EXERCISE PROMPT
Below are records; print only the lines from the line containing "بر این اساس" to the end, both included, reproduced exactly and without the pictures.

SOURCE DATA
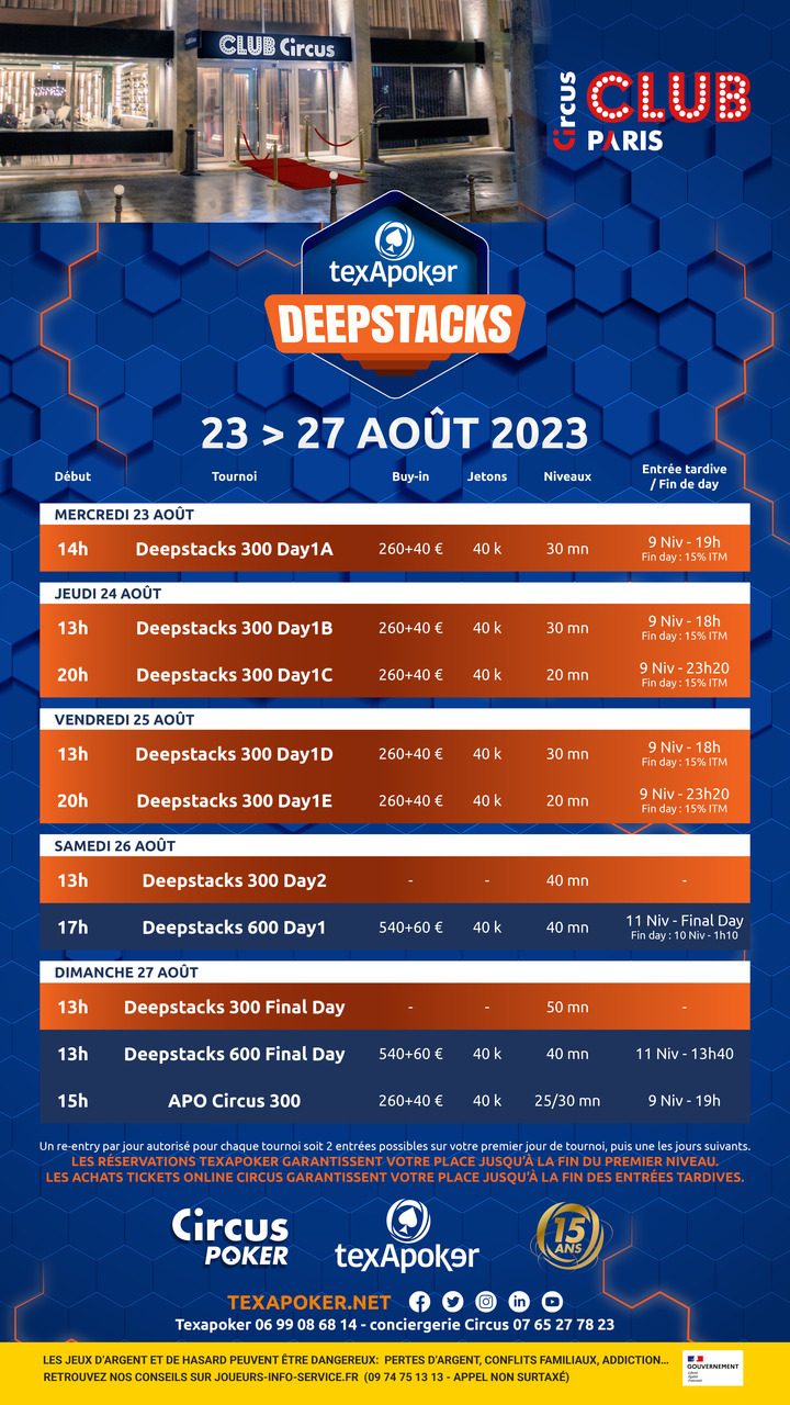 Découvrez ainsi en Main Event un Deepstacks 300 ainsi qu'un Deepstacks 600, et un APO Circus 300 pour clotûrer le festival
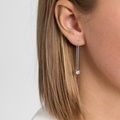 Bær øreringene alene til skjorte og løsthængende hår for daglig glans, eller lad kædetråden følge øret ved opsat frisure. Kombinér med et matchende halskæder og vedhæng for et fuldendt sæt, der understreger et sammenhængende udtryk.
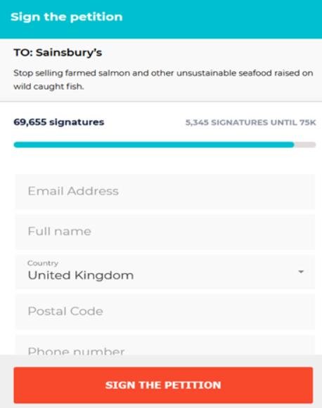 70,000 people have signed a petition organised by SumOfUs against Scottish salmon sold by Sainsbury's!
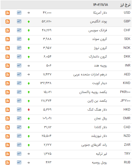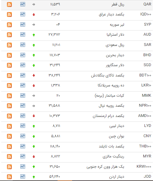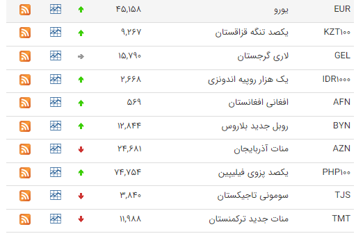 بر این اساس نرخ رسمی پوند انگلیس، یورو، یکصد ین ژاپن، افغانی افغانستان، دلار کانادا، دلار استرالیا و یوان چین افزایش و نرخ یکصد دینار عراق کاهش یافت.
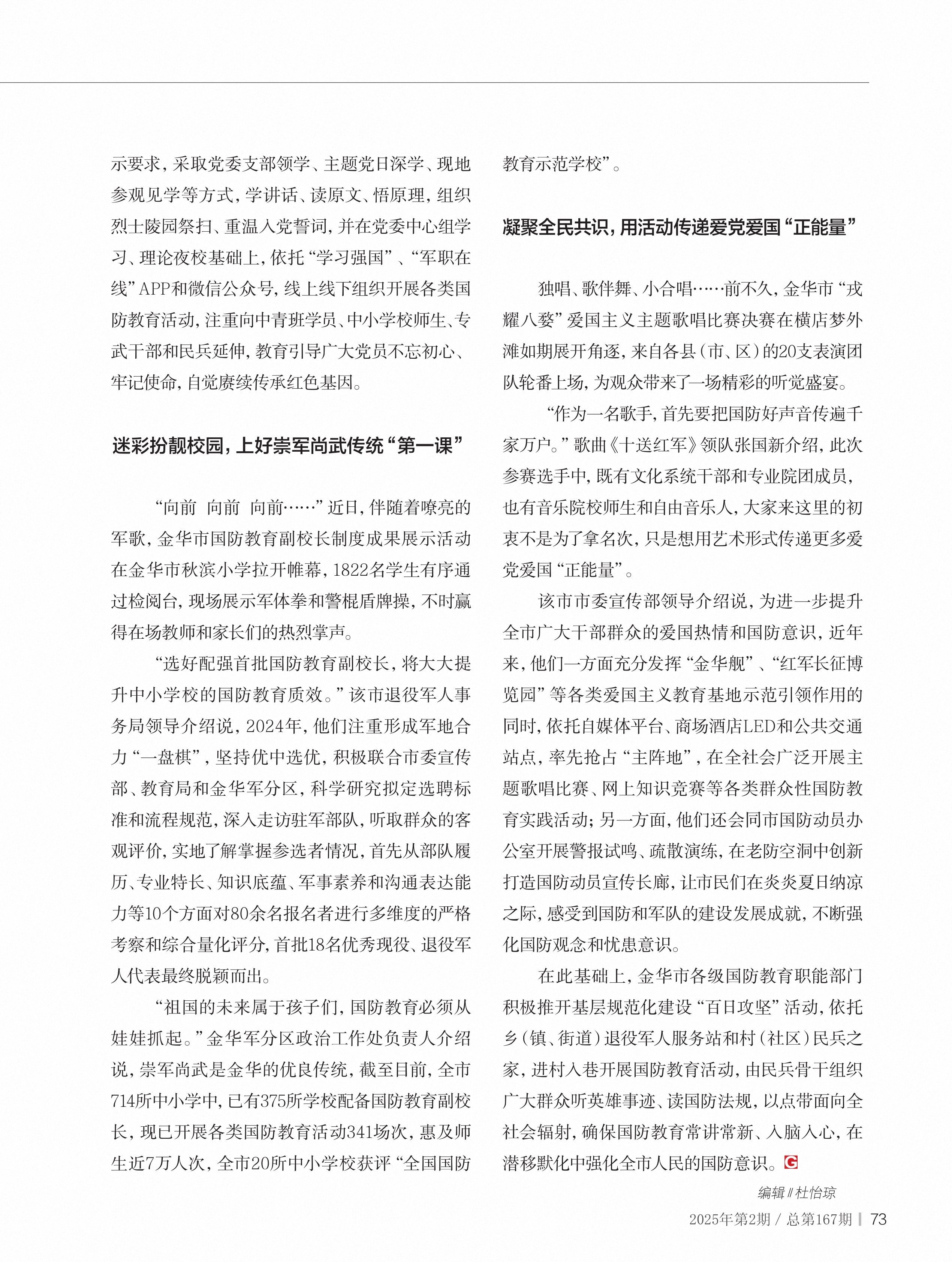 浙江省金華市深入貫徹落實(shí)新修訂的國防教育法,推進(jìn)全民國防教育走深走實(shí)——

EXERCISE OUTPUT
 بر این اساس نرخ رسمی پوند انگلیس، یورو، یکصد ین ژاپن، افغانی افغانستان، دلار کانادا، دلار استرالیا و یوان چین افزایش و نرخ یکصد دینار عراق کاهش یافت.
 浙江省金華市深入貫徹落實(shí)新修訂的國防教育法,推進(jìn)全民國防教育走深走實(shí)——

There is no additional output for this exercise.